Now, as the recipient of the Nobel Peace Prize, she has become aware of an even wider responsibility. The aims and the means have not changed: She has always stressed her belief in universal values common to all: Respect for human dignity is not a monopoly of any particular creed or culture, secular or religious. But these general concerns take local colors. In this visit to the United States, Shirin Ebadi has spoken out against acts of injustice and intolerance not only in her own country and backyard, but here in the United States and elsewhere. Intolerance is a many-headed hydra: it can appear in our silent acceptance of injustices and brutalities inflicted in our name and celebrated in jingoistic headlines or even accepted as allegedly crucial to our security, and it can appear in a pernicious choice of eye-catching hybrid slogans such as “Islamic terrorism” or “Islamic terrorists” – as if there are verifiable Islamic ingredients in an act of terrorism which set them apart from those inflicted by terrorists of other faiths and creeds throughout the world, past and present.

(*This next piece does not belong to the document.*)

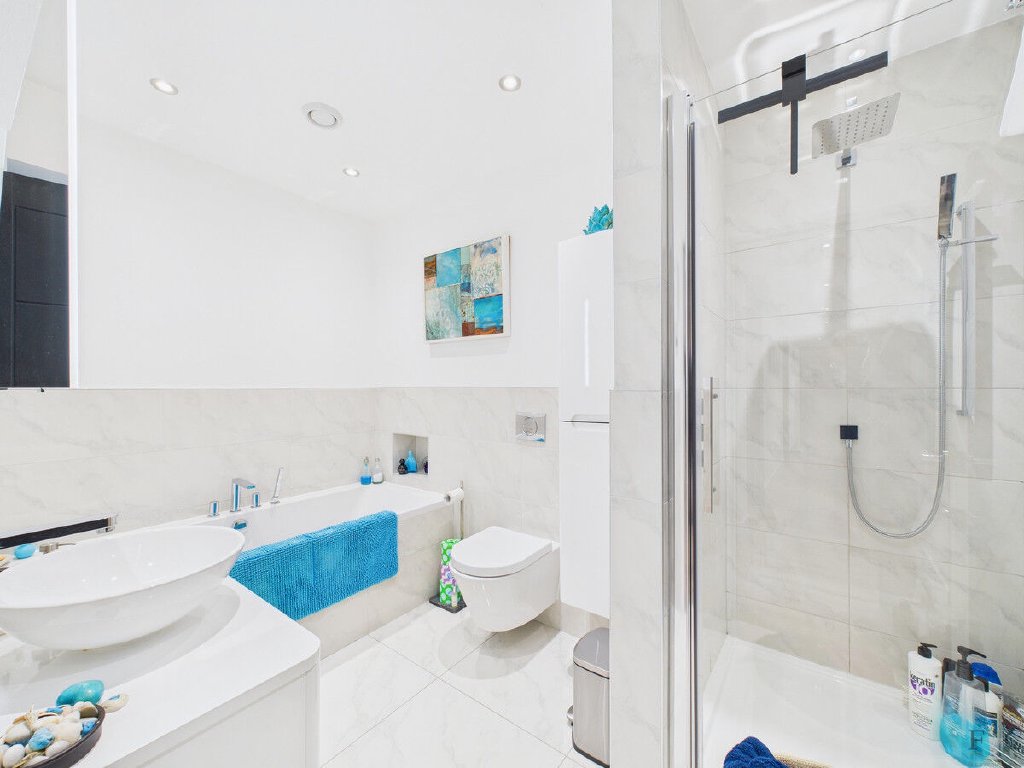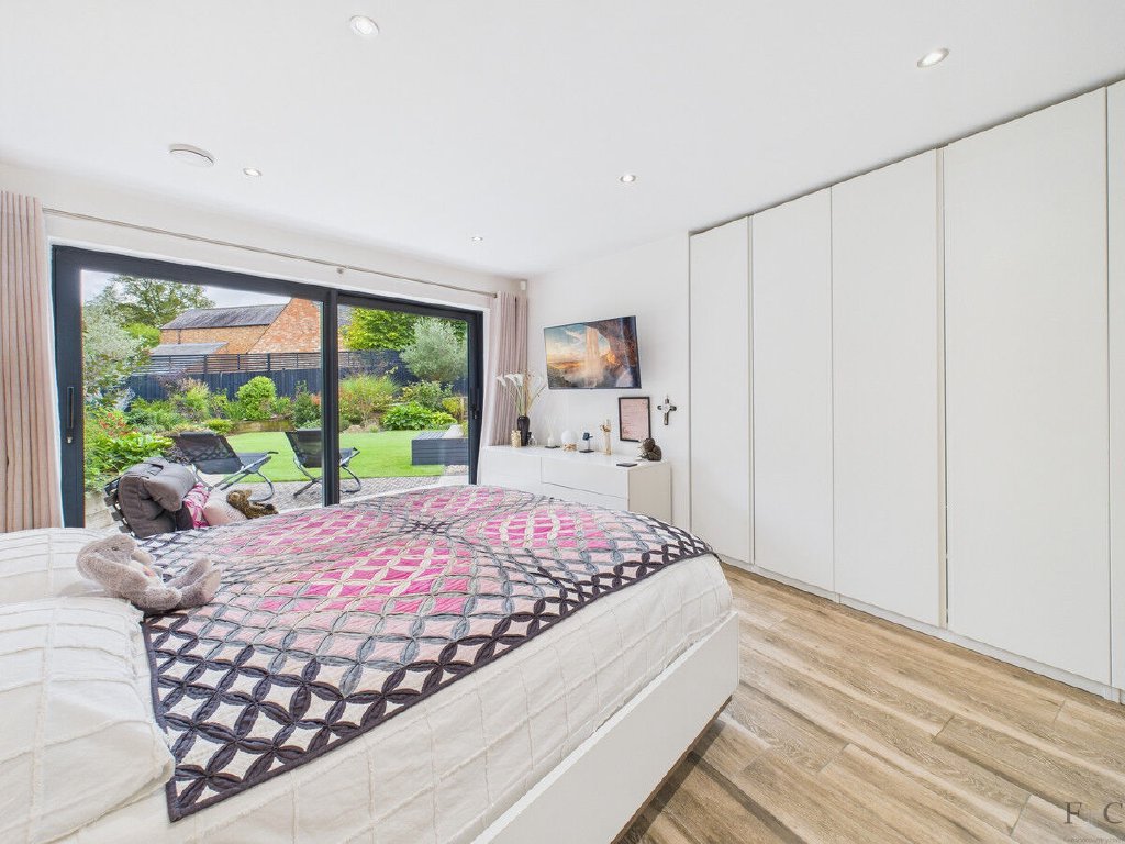 The bedroom wing is arranged along an inner hallway. The principal suite features sliding patio doors opening onto the terrace, offering excellent views of the landscaped garden, along with fitted wardrobes and a private ensuite. The remaining two bedrooms are both doubles, each with fitted wardrobes, and enjoy views over the garden. They are served by a well-appointed family bathroom with both a bath and separate shower.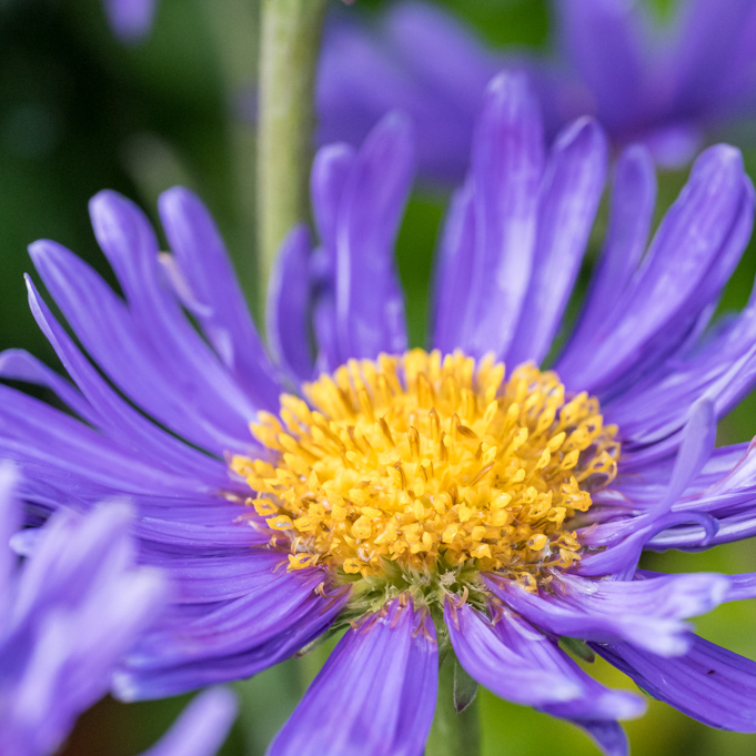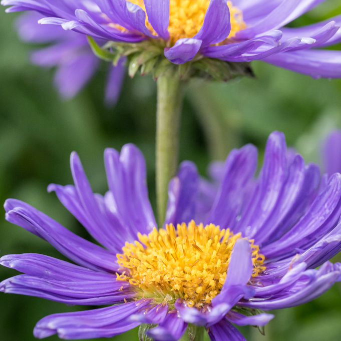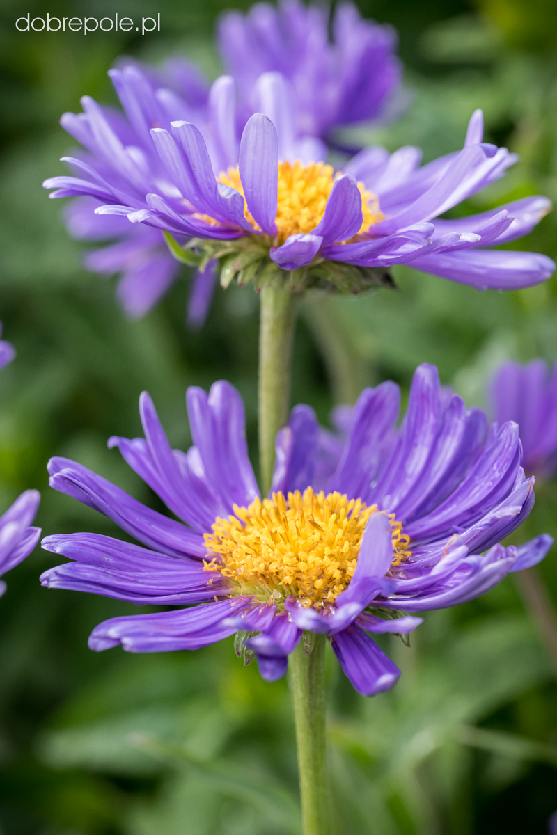 Aster alpejski to niewielka bylina tworząca rozety z szarozielonych liści, z których wyrastają wyprostowane, skąpo ulistnione pędy. Na wierzchołkach łodyg w maju i czerwcu pojawiają się pojedyncze, dość duże koszyczki kwiatowe o białych, różowych lub fioletowych kwiatach języczkowych i żółtych kwiatach rurkowatych. Kwiaty mogą być pojedyncze lub pełne, nadają się do cięcia. Roślina osiąga wysokość ok. 30 cm. Aster alpejski preferuje stanowiska słoneczne. Wymaga gleby żyznej, przepuszczalnej, wapiennej. Nadaje się do wysadzania na rabatach, w ogródkach skalnych w grupach po 3-10 szt.

She has spoken in support of strengthening the powers and the influence of the United Nations and internationally agreed conventions for the protection of human rights at a time when we have seen again how an initial cavalier disregard for them can create spaces and opportunities for grotesque abusive acts that may well induce further cycles of revenge and recrimination.

Our guest has been traveling tirelessly across our country in the past few weeks. Wherever she has been, she has brought with her the courage, the patience, and the good humor with which she has fought so consistently and for so long in her own country. These are vital ingredients for constructing a better future for all of us, East or West, religious or not, and I would like to greet her as a most welcomed guest of a Center which shares with her, above all else, an overriding respect for human dignity and human life.